Non è vero che la scuola
uccida sempre il piacere della letteratura. Anzi, in taluni casi, permette
l'incontro dei ragazzi, altrimenti interessati alla tecnologia, alle ragazze
e allo sport, con la bellezza e la necessità della poesia.
È quello che è capitato a me con Montale. Studiato a scuola, le sue
poche liriche riportate nell'antologia mi hanno colpito al punto da
spingermi a volerne sapere di più. Capivo che il poeta ligure esprimeva
compiutamente cose che io oscuramente avvertivo. Una sintonia, dunque,
un'affinità misteriosa e profonda, che si verifica quando incontriamo
le pagine degli scrittori che più amiamo.
Ho sentito l'esigenza di leggermi altre poesie, di andare oltre il
programma scolastico. L'incanto è continuato.
Privo di formazione accademica, studente di un istituto commerciale,
con al vocazione per il canto, Montale è un poeta di respiro europeo.
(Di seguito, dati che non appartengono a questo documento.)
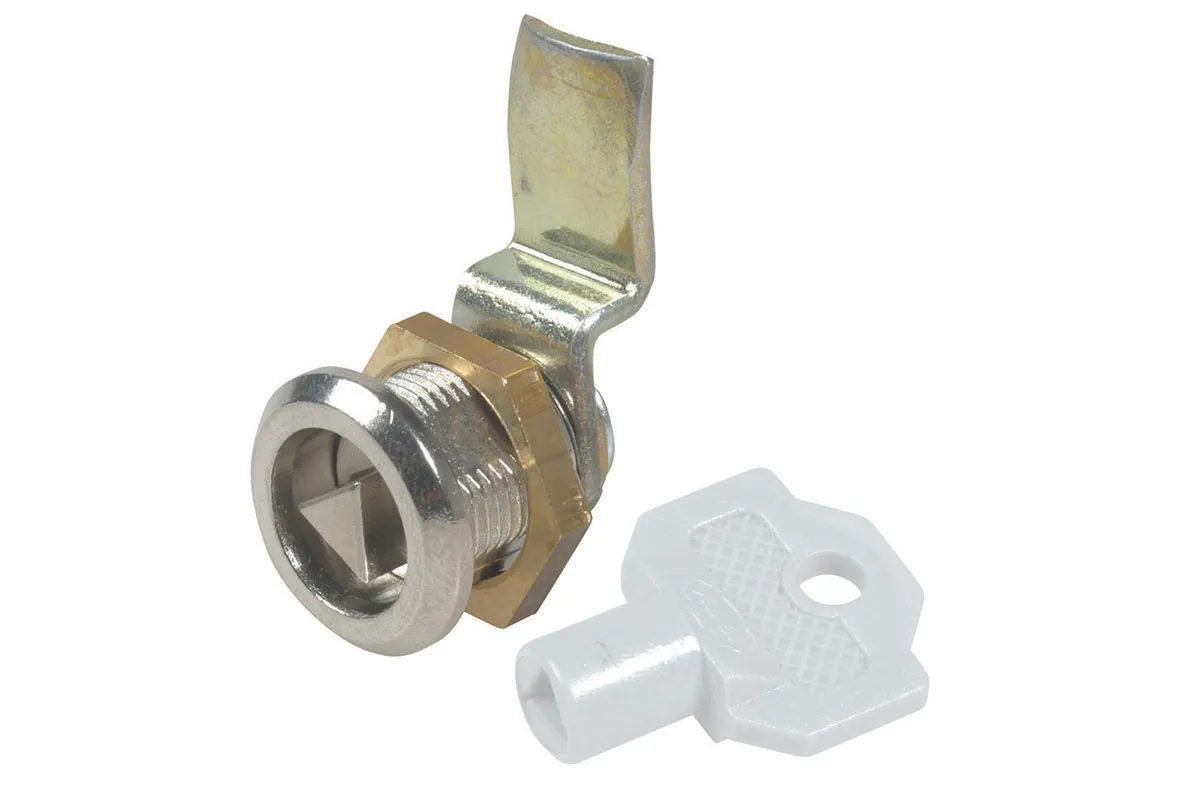 • Cylinder cam lock with triangular key for small openings and technical cabinets, suitable to be screwed on metal surfaces thanks to the included brass nut.
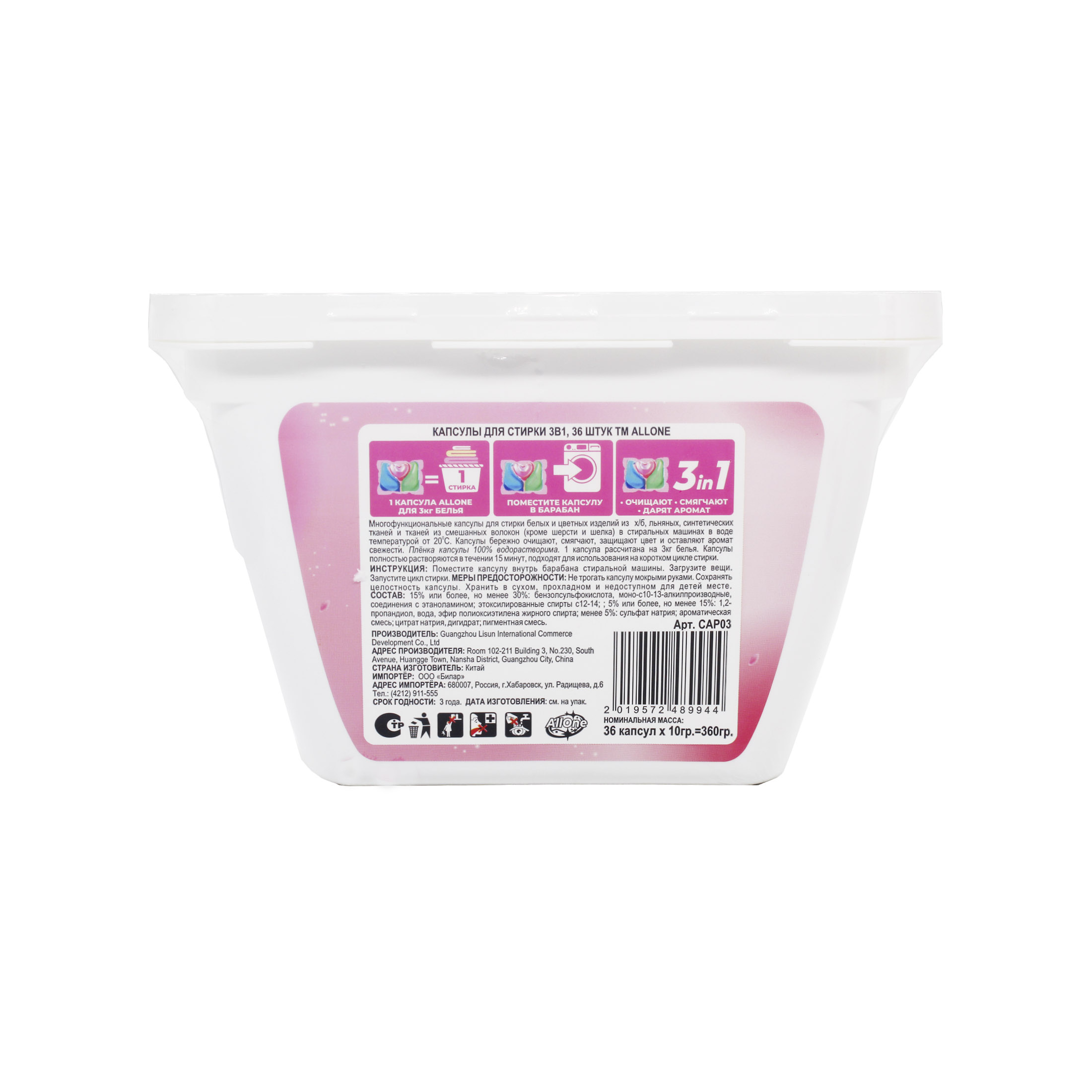 Allone капсулы д/стирки (36шт) 3в1 многофункц. д/в тип.бел. цветоч. пл/банка / 36шт / CAP03 / 489944

Vivere è, secondo Montale, un'esperienza intrisa di dolore. "Spesso
il male di vivere ho incontrato". Un destino a cui nessun uomo
può sfuggire. Soltanto il distacco e l'indifferenza sembrano garantire
l'assenza di dolore, al prezzo, forse, di una diminuzione di umanità.
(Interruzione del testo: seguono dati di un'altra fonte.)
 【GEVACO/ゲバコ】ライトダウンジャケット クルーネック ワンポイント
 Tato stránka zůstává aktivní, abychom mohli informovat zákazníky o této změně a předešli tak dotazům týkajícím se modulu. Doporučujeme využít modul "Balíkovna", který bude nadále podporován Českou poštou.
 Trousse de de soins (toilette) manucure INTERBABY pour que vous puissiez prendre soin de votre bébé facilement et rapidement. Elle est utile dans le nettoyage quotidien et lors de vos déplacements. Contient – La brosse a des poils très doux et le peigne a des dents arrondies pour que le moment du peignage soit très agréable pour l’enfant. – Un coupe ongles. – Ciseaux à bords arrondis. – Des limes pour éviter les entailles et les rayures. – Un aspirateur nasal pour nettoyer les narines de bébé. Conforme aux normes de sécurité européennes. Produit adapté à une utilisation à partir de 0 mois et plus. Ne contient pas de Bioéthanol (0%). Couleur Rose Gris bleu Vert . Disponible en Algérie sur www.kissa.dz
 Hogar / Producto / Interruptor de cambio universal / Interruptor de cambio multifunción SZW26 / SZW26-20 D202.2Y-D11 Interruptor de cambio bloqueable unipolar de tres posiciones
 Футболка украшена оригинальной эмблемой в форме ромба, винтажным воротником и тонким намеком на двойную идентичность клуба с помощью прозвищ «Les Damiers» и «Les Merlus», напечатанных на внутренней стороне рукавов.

Altrove ("Meriggiare pallido e assorto") l'esistenza
umana viene paragonata a un "seguitare una muraglia/ che ha in
cima cocci aguzzi di bottiglia".
L'uomo non può aspirare, inoltre, nel dipanarsi della propria
esperienza terrena, ad una conoscenza organica, articolata, totale,
positiva. Egli non può chiedere, nemmeno agli amici poeti, più di "qualche
storta sillaba". Non esiste "la parola che squadri da
ogni lato", la verità netta e incontrovertibile. La nostra
conoscenza non è soltanto limitata, ma per lo più negativa. Sappiamo
soltanto "ciò che non siamo, ciò che non vogliamo".
L'uomo moderno è un uomo che non solo ad ogni passo conosce il
dolore, ma che ha perso la propria sicurezza. Non gli è più possibile
procedere senza curarsi della propria "ombra", termine
carico di significati, di vaga ascendenza junghiana mi viene da pensare,
"che la canicola/ stampa sopra uno scalcinato muro".
Montale
rifugge dai toni declamatori, turgidi, retorici. Ne "I
limoni" esprime questa sua poetica quotidiana, dimessa,
diffida dei nomi roboanti e "poco usati", cui
ricorrono nelle loro liriche "i poeti laureati". Egli
preferisce gli "erbosi fossi", le pozzanghere, gli "orti,
tra gli alberi di limoni".
La donna non è in Montale
essere inferiore, dipendente, ma musa ispiratrice. Indimenticabile è "Ho
sceso, dandoti il braccio, almeno un milione di scale",
dedicata al ricordo di Drusilla Tanzi, la bellisssima Mosca, dove
accanto all'amore per la compagna di tutta una vita e al ricordo dei
momenti felici vissuti insieme, riemerge il tema della precarietà
della condizione umana: "Ora che non ci sei è il vuoto ad
ogni gradino".
Messaggi densi, comunicati in una lingua
scabra e ammaliante, come il paesaggio ligure ritratto, che continuano
ad esercitare ancora il loro fascino e la loro influenza su tanta
produzione letteraria contemporanea.